Write the data out in full and word for word. Do not include images.

- _Recorded data_:
--------------------------------

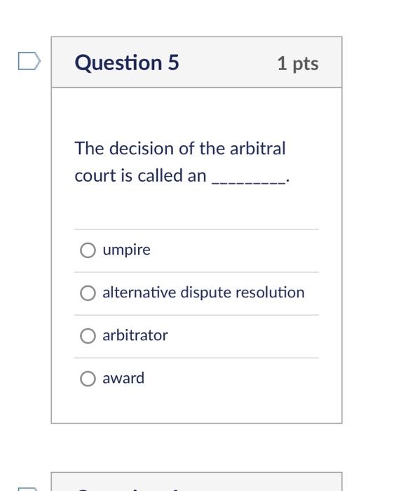 Solved Question 5 1 pts The decision of the arbitral court Chegg com
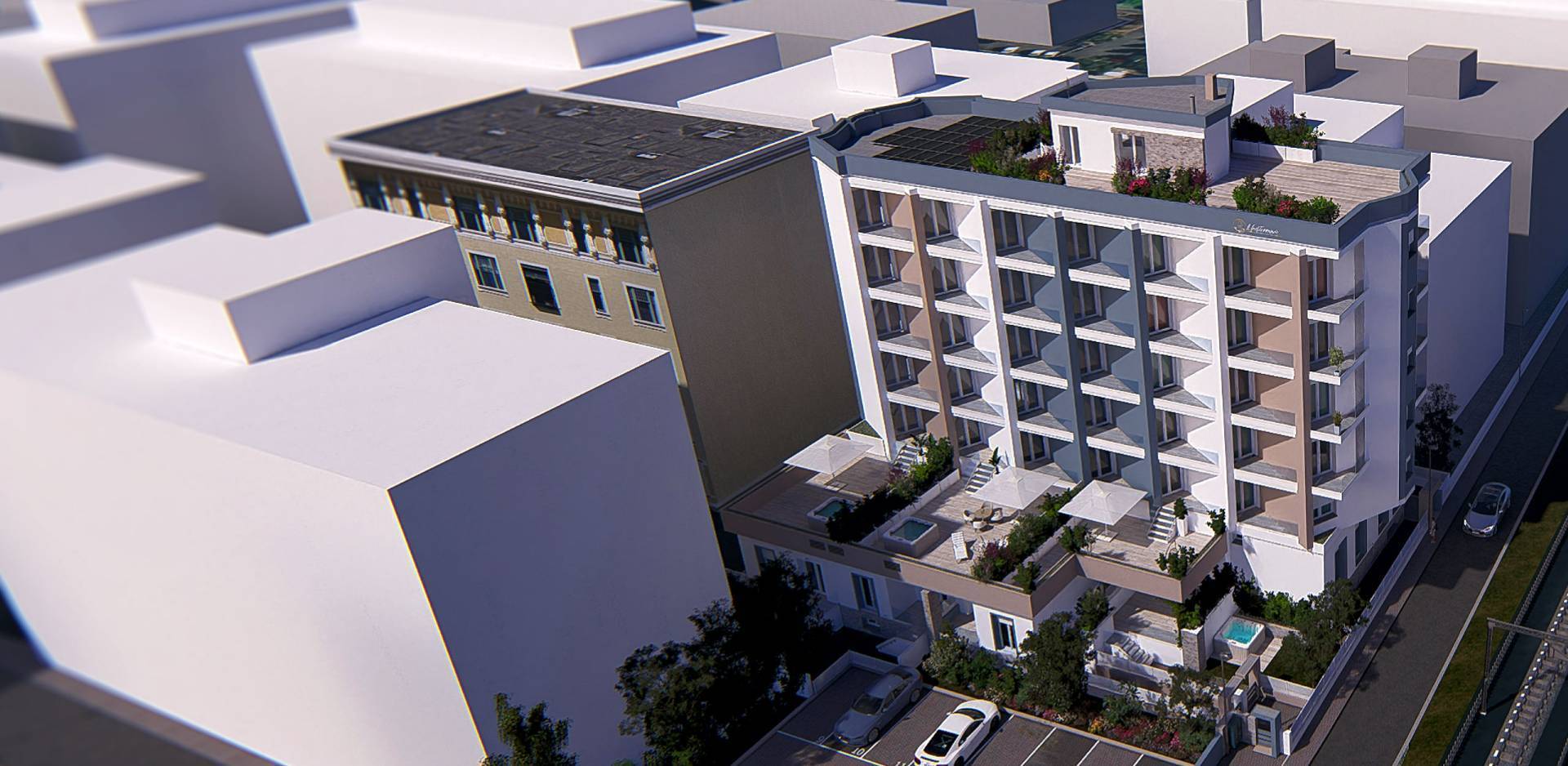 L'architetto Davide De Francesco è stato incaricato di trasformarlo in appartamenti residenziali, creando il condominio Mediterranèe con 39 lussuosi appartamenti, dotati di ogni confort e impianti avanzati, preservando lo stile.
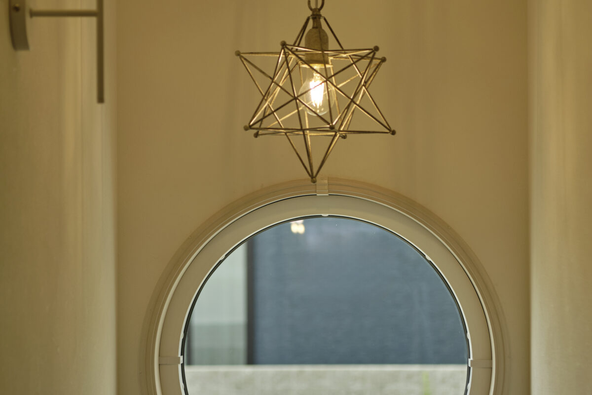 くすみがかったブルーのドアの小窓からはリビングの様子が見え、家族の存在が感じられます。
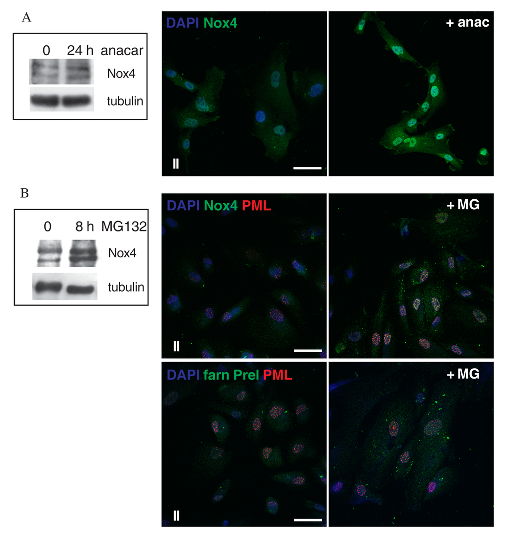 To determine whether proteasome inhibitors may influence the levels of nuclear Nox4, we performed treatment with MG132, an inhibitor of the proteasome pathway, and investigated Nox4 expression by Western blot and localization by immunofluorescence. Figure 6B indicates that MG132 induced an increase in Nox4 levels both in the cytoplasm but also into the PML nuclear foci. Since it has been demonstrated [35] that the effect of MG132 in Hutchinson-Gilford progeria syndrome (HGPS) fibroblasts unexpectedly resulted in a decrease of progerin staining intensity, instead of increasing progerin levels, we carried out immunofluorescence experiments for farnesylated prelamin A. As shown in Fig.6B, 8-h treatment with MG132 induced the formation of large farnesylated prelamin A and PML intranuclear foci, not a decrease.

--------------------------------

- _Task answer_:
 Solved Question 5 1 pts The decision of the arbitral court Chegg com
 L'architetto Davide De Francesco è stato incaricato di trasformarlo in appartamenti residenziali, creando il condominio Mediterranèe con 39 lussuosi appartamenti, dotati di ogni confort e impianti avanzati, preservando lo stile.
 くすみがかったブルーのドアの小窓からはリビングの様子が見え、家族の存在が感じられます。
 To determine whether proteasome inhibitors may influence the levels of nuclear Nox4, we performed treatment with MG132, an inhibitor of the proteasome pathway, and investigated Nox4 expression by Western blot and localization by immunofluorescence. Figure 6B indicates that MG132 induced an increase in Nox4 levels both in the cytoplasm but also into the PML nuclear foci. Since it has been demonstrated [35] that the effect of MG132 in Hutchinson-Gilford progeria syndrome (HGPS) fibroblasts unexpectedly resulted in a decrease of progerin staining intensity, instead of increasing progerin levels, we carried out immunofluorescence experiments for farnesylated prelamin A. As shown in Fig.6B, 8-h treatment with MG132 induced the formation of large farnesylated prelamin A and PML intranuclear foci, not a decrease.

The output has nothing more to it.